Tuesday, March 13, 2007 - Page updated at 12:00 AM
Captive breeding offers hope for near-extinct pygmy rabbits
The Associated Press
EPHRATA — Wildlife officials today released 20 Columbia Basin pygmy rabbits that were raised in captivity to a sagebrush-covered area of central Washington state where their ancestors roamed before teetering on the edge of extinction.
The pygmy rabbits were born and raised at Washington State University and the Portland Zoo in Oregon and are descendants of the last known wild rabbits caught in 2002 for a captive breeding program intended to restore the endangered species.
The effort is similar to the breeding programs that brought back the California condor, said Ren Lohoefener, Pacific regional director of the U.S. Fish and Wildlife Service in Portland, Ore.
"Any time you can bring something back from zero and re-establish it, it's cause to celebrate," he said. "This may be harder to do than with condors, because a lot more things eat bunnies than condors. If it works here, maybe it can work in other areas."
The rabbits were released in the Sagebrush Flats area about 18 miles northwest of Ephrata, part of a five-county range that was the original habitat of the tiny sagebrush-eating rabbits. They are the only species of rabbits in the United States to dig their own burrows.
Pygmy rabbits are still found in the West's Great Basin, but the isolated Columbia Basin group is considered to be evolutionary distinct population, said Rod Sayler, a Washington State University associate professor of natural resource sciences who leads the captive breeding project.

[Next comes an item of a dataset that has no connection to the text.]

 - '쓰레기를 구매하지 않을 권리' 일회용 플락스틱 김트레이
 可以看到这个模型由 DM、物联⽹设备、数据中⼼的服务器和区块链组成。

The Northwest Trek Wildlife Park near Tacoma also participates in the captive breeding program, which has produced about 90 pygmy rabbits, including the 20 released Tuesday.

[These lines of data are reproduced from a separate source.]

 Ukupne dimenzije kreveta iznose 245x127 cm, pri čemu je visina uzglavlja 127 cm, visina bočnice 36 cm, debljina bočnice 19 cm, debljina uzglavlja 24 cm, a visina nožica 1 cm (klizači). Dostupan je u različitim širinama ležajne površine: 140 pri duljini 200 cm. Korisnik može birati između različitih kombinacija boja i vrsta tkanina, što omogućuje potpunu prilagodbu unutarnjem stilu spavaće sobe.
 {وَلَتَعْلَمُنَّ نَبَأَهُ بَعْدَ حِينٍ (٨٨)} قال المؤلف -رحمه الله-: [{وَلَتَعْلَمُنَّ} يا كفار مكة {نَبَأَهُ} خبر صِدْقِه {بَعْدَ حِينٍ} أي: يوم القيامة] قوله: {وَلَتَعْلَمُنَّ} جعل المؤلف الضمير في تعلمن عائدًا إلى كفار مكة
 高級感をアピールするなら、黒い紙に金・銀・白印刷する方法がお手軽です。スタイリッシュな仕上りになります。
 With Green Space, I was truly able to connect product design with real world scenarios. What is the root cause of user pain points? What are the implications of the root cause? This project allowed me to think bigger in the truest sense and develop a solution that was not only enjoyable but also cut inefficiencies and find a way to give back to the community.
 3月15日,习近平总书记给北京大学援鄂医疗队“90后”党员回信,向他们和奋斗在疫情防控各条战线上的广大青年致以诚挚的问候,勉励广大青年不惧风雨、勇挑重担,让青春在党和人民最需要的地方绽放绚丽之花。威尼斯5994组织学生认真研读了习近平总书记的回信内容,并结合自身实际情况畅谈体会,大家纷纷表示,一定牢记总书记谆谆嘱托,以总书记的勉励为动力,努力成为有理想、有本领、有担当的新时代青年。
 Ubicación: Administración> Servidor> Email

None of the purebred Columbia Basin pygmy rabbits are believed to remain in the wild, said Tom Buckley of the U.S. Fish and Wildlife Service. Only three purebred descendants of the original wild rabbits remain at the captive breeding sites, Sayler said.

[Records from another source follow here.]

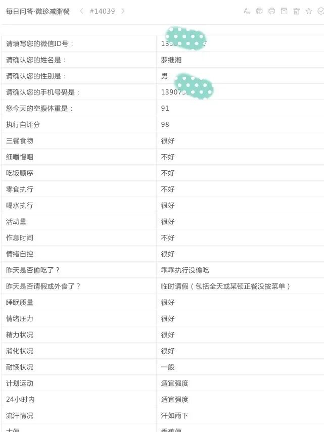 调整体质,也要面临减重减脂人群的问题——坚持,尤其是厨师要面对的美食诱惑太大了!模板式的套餐根本应对不了每天的饮食变化。而微珍可以在填写完每日问答后,营养师及时调整第二天的菜单,真的很精准了,这也是体重能掉得如此理想的原因~
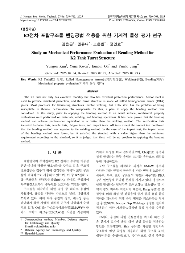 K2전차 포탑구조물 벤딩공법 적용을 위한 기계적 물성 평가 연구 KCI 등재
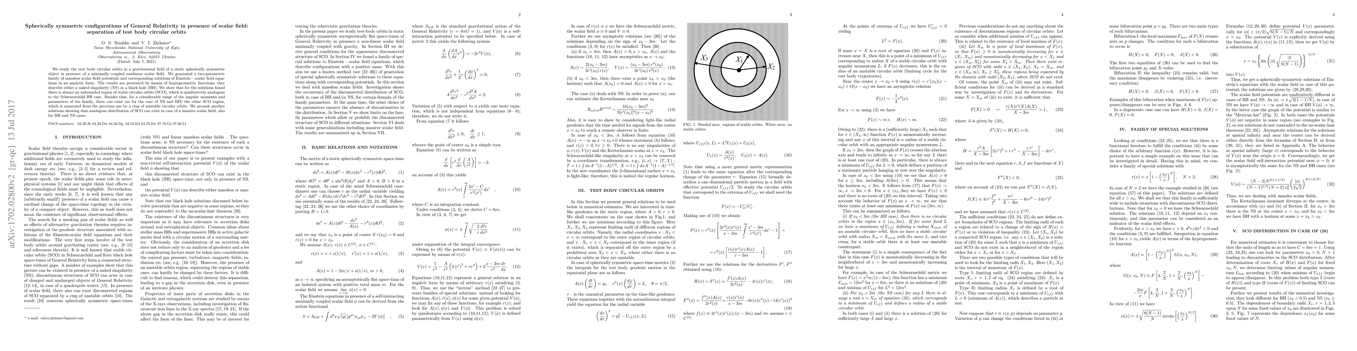 We study test-body orbits in the gravitational field of a static spherically symmetric object in presence of a minimally coupled nonlinear scalar field. We generated a two-parametric family of scalar field potentials, which allow finding solutions of Einstein's equations in an analytic form. The results are presented by means of hypergeometric functions; they describe either a naked singularity (NS) or a black hole (BH). Our numerical investigation shows that in both cases the stable circular orbits can form separated (non-connected) regions around the configuration. We found existence conditions for such separated regions and present examples for some family parameters in case of NS and BH. The results may be of interest for testing models of the dynamical dark energy.
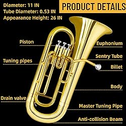 - PREMIUM MATERIALS AND PRECISION DESIGN - This euphonium's premium materials and precision design deliver a rich, clear, and balanced sound, ensuring every performance is filled with detailed tones. Sturdy and Stable Construction - Featuring a sturdy construction, this instrument can withstand the rigors of daily use, frequent performances, and transportation, making it a reliable choice for busy musicians. Diversified musical expression - able to meet different musical preferences and performance needs. From slow, lyrical melodies to fast, energetic passages, this euphonium supports a variety of musical expressions, making it easy to explore different styles and genres. Comfortable Ergonomic Design - Designed with comfort in mind, this euphonium brass instrument is capable of playing for extended periods of time without stress or discomfort, ensuring players can focus on the music. Suitable for every skill level - From beginners to professionals, this euphonium is suitable for players of every skill level, and its user-friendly design and responsive performance make it easy for every player to get up and play. Make beautiful music.

Columbia Basin pygmy rabbits were mated with more genetically diverse Idaho pygmy rabbits and their offspring have at least 75 percent of the Columbia pygmy bloodlines, said Lisa Shipley, Sayler's colleague at WSU.
An immediate result was that the crossbred rabbits became better breeders and more of their young survived, Sayler said.
"We found out they were suffering from severe inbreeding depression," Sayler said. "No matter what we did, they just weren't reproducing well. Believe me, we tried everything."
"What that did was, it added in some genetic diversity. That population had been isolated for thousands of years," he said. "We added just enough to help them along and reproduction picked back up."
The reason the Columbia Basin rabbits declined is not known, although scientists suspect inbreeding among such a small population was a major factor. Range fires, farming, disease and predators also are thought to have taken their toll, said Madonna Luers of the Washington Department of Fish and Wildlife, which is cooperating with its federal counterparts in the program.
The tiny rabbits — not much bigger than a man's hand — were released into a barren sagebrush landscape.
The dozen males and eight females were placed in artificial burrows made of 20-foot-long perforated plastic irrigation pipes until they get used to the place and dig their own. Each wore a tiny radio transmitter the size of a watch battery to help scientists track its movements.
The Columbia Basin pygmy rabbit — scientific name Brachylagus idahoensis — is the country's smallest native rabbit. It was listed as an endangered species under the federal Endangered Species Act in 2003. Surveys in 2004 found none left in traditional areas.
The rabbits were released on public lands that are part of about 10,000 acres the state fish and wildlife and natural resources departments have set aside for the rabbits.